For readability, the Latin script matrix is truncated to the top nine Latin languages: English (en), Spanish (es), French (fr), German (de), Italian (it), Portuguese (pt), Turkish (tr), Dutch (nl), and Swedish (sv). The Hanzi/Kana matrix is for Simplified Chinese (zh-hans), Traditional Chinese (zh-hant) and Japanese (ja). Comparative confusion matrices are also shown for the n-gram-based cumulative frequency approach of [3] on the same data set.

(a) n-gram confusion matrix
(b) LSTM confusion matrix

Figure 2. Confusion matrices for LID at 10 characters for Latin script
(a) n-gram confusion matrix
(b) LSTM confusion matrix

Figure 3. Confusion matrices for LID at 5 characters for Hanzi/Kana script

For both scripts, the darker red diagonals and darker blue off-diagonal cells associated with the LSTM approach indicate a more accurate LID system. We conclude that the proposed approach is well-suited for robust LID on short strings.

With respect to disk footprints (Figure 4), the combined model size for bi-LSTM LID (4 MB) represents a 43% reduction over previous n-gram model on iOS (7 MB) and an 84% reduction over macOS n-gram model (25 MB).

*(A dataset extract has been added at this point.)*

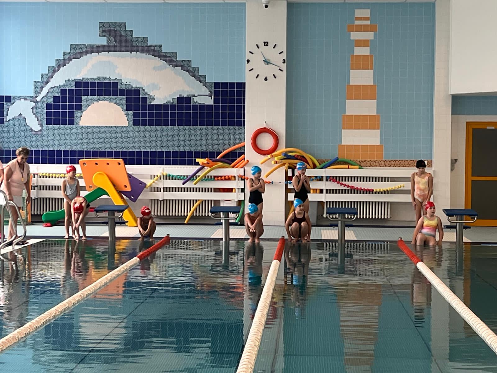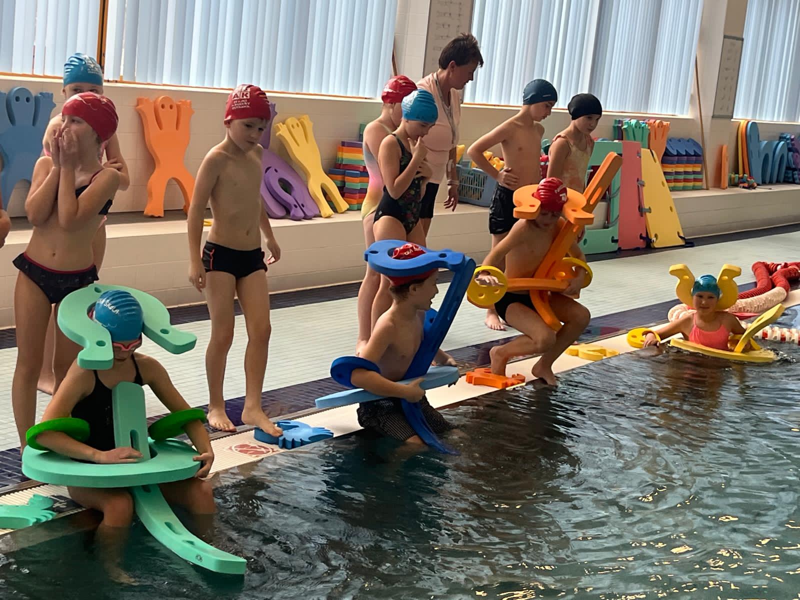 Plavecké závody a soutěže byly naším prima programem ve včerejší lekci plaveckého výcviku.

Figure 4. Model sizes comparison and growth as training data size is increased

Another key point is to examine the growth of model size as we increase the amount of training data. Figure 4 shows that with additional training data the n-gram model sizes grow linearly, while for LSTM the model size is almost constant. This correlation is because the more the data, the more the n-grams, and hence greater the model size. LSTM model sizes, on the other hand, are simply a function of the network parameters. So no matter how much data we feed, as long as we have the same number of network parameters or a few more hidden nodes with which to better model the increasing data, the model size is going to remain almost constant, while the overal quality of the model improves with more data.

Conclusion

We set out to assess the potential benefits of switching to bi-LSTMs to perform LID from limited evidence. Robust LID from very short strings is highly desirable in multiple NLP pipelines, including in usage of autocorrection lexicons and predictive and multilingual typing [1], for part-of-speech and named entity tagging, when performing document classification [2], and as a component of TTS engines [6]. At Apple, bi-LSTM LID is now used for most tasks which require language identification, like text tagging and other public APIs part of the Natural Language framework. It also provides the correct expected language in features like QuickType keyboards and Smart Responses.

We observed that a bi-LSTM LID architecture can indeed lead to improved accuracy across multiple scripts. Such results confirm the viability of the approach for a fast and accurate language identifier operating on limited evidence. Performance requirements regarding responsiveness and resources led us to limit our experiments to relatively shallow LSTM networks rather than newer but computationally more complex architectures such as transformers. Regardless, the LSTM LID system has smaller memory footprint compared to n-gram and is scalable with addition of larger amounts of data without becoming prohibitively large.

References

[1] B. Barman and J.R. Bellegarda. Language Identification from Short Strings. U.S. Patent No. 10,127,220, November 2018.

[2] W. B. Canvar and J. M. Trenkle. N-gram based Text Categorization. Proceedings of Symposium on Document Analysis and Information Retrieval, University of Nevada, Las Vegas, pp. 161-176, 1994.

[3] B. Ahmed, S.-H. Cha, and C. Tappert. Language Identification from Text Using N-gram Based Cumulative Frequency Addition. Proceedings of Student/Faculty Research Day, CSIS, Pace University, 2004.

[4] S. Hochreiter and J. Schmidhuber. Long Short-Term Memory. Neural Computation 9, 8 pp. 1735-1780, November 1997.

[5] M. Sundermeyer, R. Schlüter, and H. Ney. LSTM Neural Networks for Language Modeling. InterSpeech 2012, pp. 194–197, September 2012.

[6] R. Sproat. Multilingual Text Analysis for Text-To-Speech Synthesis. Proceedings of ICSLP’96, Philadelphia, October 1996.